While the study itself did not assess future risk, Schumacher said the WWA models also returned results for 2C of global warming, the upper limit of the Paris Agreement.

Climate change increases drought

“The summer of 2022 demonstrated how human-caused climate change increases agricultural and ecological drought risks in agricultural and densely populated regions of the northern hemisphere,” said Sonia Seneviratne, a professor at the Institute for Climate and Atmospheric Science in Zurich, co-author.

“We have to stop burning fossil fuels if we want to stabilize climate conditions and prevent these drought episodes from getting worse again. They will become more frequent and more intense with increasing warming,” she warned.

In central and western Europe, the probability of drought is lower: between 5 and 6 times less important, according to calculations. This variability is only due to the extension of the territory and the data analyzed.

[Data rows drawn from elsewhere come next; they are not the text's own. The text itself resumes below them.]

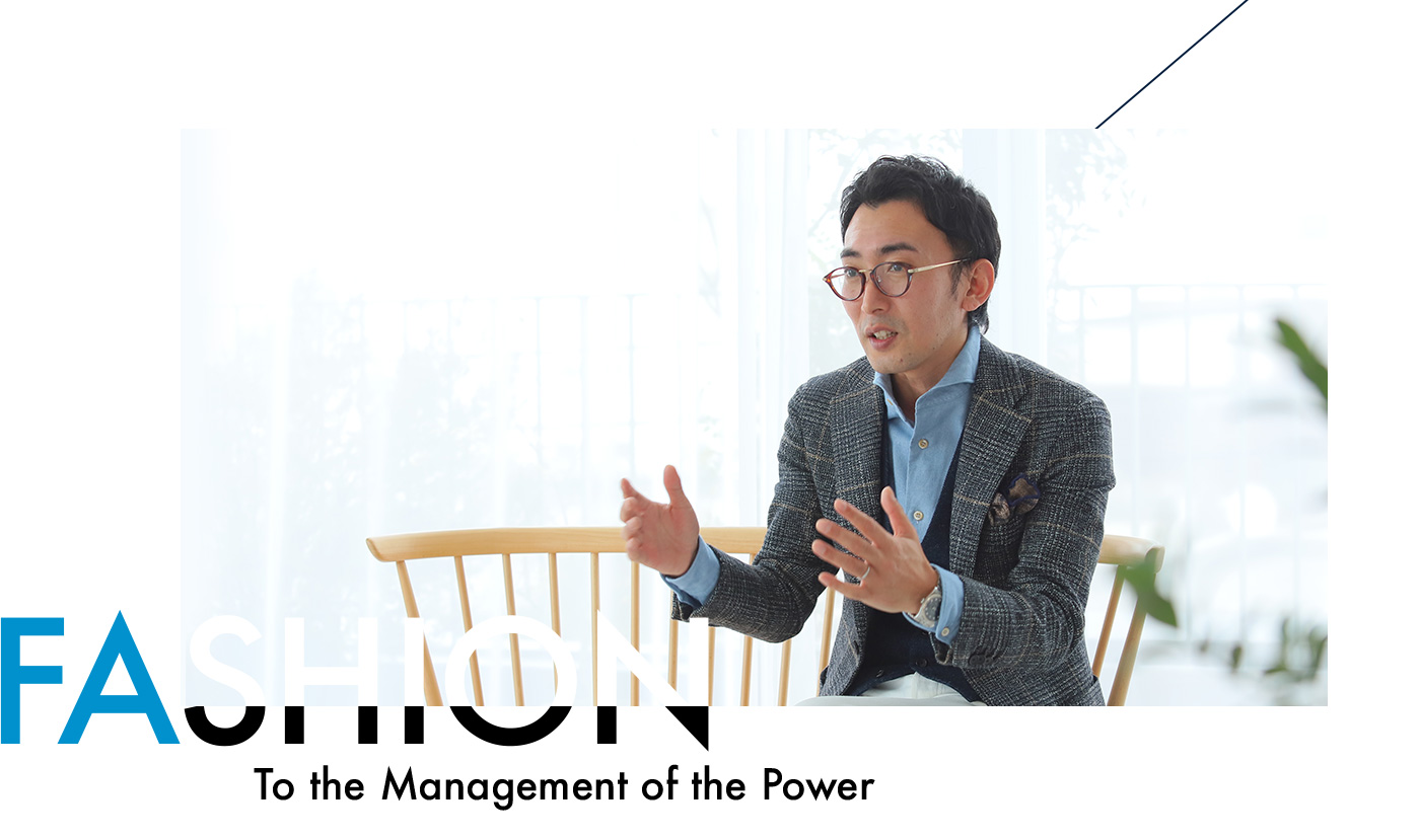 それまでは地元のデパートに入っているお店で、選び方もわからずに店員さんから勧められるものを買っていましたが、大山さんのスタイリングを受けてから、ファッションの視点が変わりました。どう見せるか、どう見られるかがすごく重要なんだなって。そういう風に視点を変えてから、今のファッションの方がいいって声がスタッフからも挙がるようになったんです。特にうちは女性スタッフが多く、どう見られるかと言う点はとても重要なので、清潔感のある社長らしい服装は好評ですね。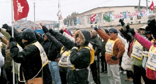 この日朝から千歳に駆けつけた全国の労学三五〇名は、グリーンベルト広場で総決起集会をかちとった後、ただちに航空自衛隊千歳基地ゲートに進撃する。闘志みなぎる労学の部隊は、機動隊の壁を押し返し、自衛隊にたいする抗議文を断固としてたたきつけた。社共既成指導部や民主党・「連合」労働貴族の闘争歪曲を許さず、千歳現地闘争をたたかいぬいたのである。(詳報次号) |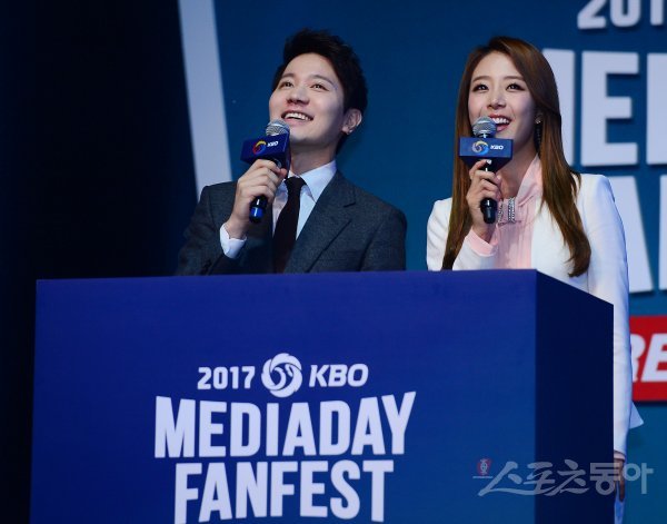 27일 서울 용산구 블루스퀘어 삼성카드홀에서 ‘2017 타이어뱅크 KBO 미디어데이 & 팬페스트’가 열렸다. MBC 김정근 아나운서와 MBC Sports+ 배지현 아나운서가 진행을 하고 있다.

We have to stop burning fossil fuels if we want to stabilize climatic conditions and prevent those episodes of drought from getting worse again.

“Usually the signals related to climate change are more important in larger regions,” explained Friederike Otto of Imperial College London, another co-author of the study, when introducing it to journalists.

“When we look at smaller regions, we find more daily weather variants in the data,” but that effect is “attenuated” when looking at larger areas, she explained.